The listing must be copied out in full and exactly; no images go with it.

---------- Information supplied ----------

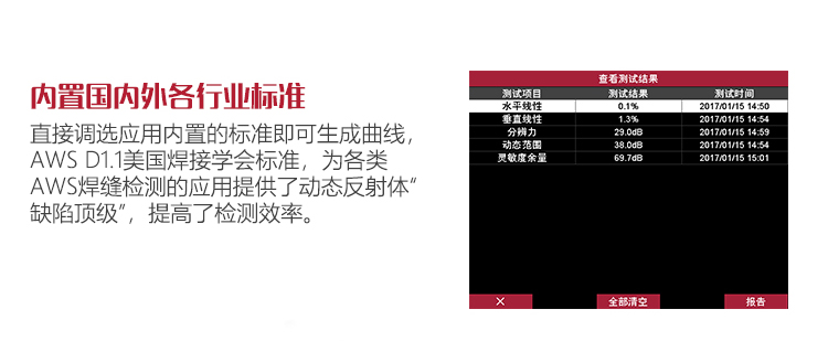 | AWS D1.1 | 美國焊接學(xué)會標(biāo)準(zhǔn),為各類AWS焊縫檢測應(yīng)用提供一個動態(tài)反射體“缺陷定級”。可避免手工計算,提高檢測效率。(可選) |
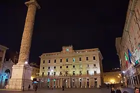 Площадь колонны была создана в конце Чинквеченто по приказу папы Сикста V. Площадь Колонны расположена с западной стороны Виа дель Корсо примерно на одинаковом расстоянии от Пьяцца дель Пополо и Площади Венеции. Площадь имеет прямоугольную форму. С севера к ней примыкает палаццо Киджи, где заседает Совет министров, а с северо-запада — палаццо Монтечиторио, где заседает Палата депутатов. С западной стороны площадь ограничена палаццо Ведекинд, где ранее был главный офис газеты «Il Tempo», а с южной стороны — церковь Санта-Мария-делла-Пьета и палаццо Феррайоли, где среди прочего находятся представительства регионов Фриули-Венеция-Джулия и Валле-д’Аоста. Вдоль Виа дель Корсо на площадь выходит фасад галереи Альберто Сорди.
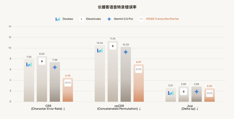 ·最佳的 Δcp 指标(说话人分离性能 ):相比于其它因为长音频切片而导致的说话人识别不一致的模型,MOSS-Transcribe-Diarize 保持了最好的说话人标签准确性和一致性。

----------

Exercise response:
 | AWS D1.1 | 美國焊接學(xué)會標(biāo)準(zhǔn),為各類AWS焊縫檢測應(yīng)用提供一個動態(tài)反射體“缺陷定級”。可避免手工計算,提高檢測效率。(可選) |
 Площадь колонны была создана в конце Чинквеченто по приказу папы Сикста V. Площадь Колонны расположена с западной стороны Виа дель Корсо примерно на одинаковом расстоянии от Пьяцца дель Пополо и Площади Венеции. Площадь имеет прямоугольную форму. С севера к ней примыкает палаццо Киджи, где заседает Совет министров, а с северо-запада — палаццо Монтечиторио, где заседает Палата депутатов. С западной стороны площадь ограничена палаццо Ведекинд, где ранее был главный офис газеты «Il Tempo», а с южной стороны — церковь Санта-Мария-делла-Пьета и палаццо Феррайоли, где среди прочего находятся представительства регионов Фриули-Венеция-Джулия и Валле-д’Аоста. Вдоль Виа дель Корсо на площадь выходит фасад галереи Альберто Сорди.
 ·最佳的 Δcp 指标(说话人分离性能 ):相比于其它因为长音频切片而导致的说话人识别不一致的模型,MOSS-Transcribe-Diarize 保持了最好的说话人标签准确性和一致性。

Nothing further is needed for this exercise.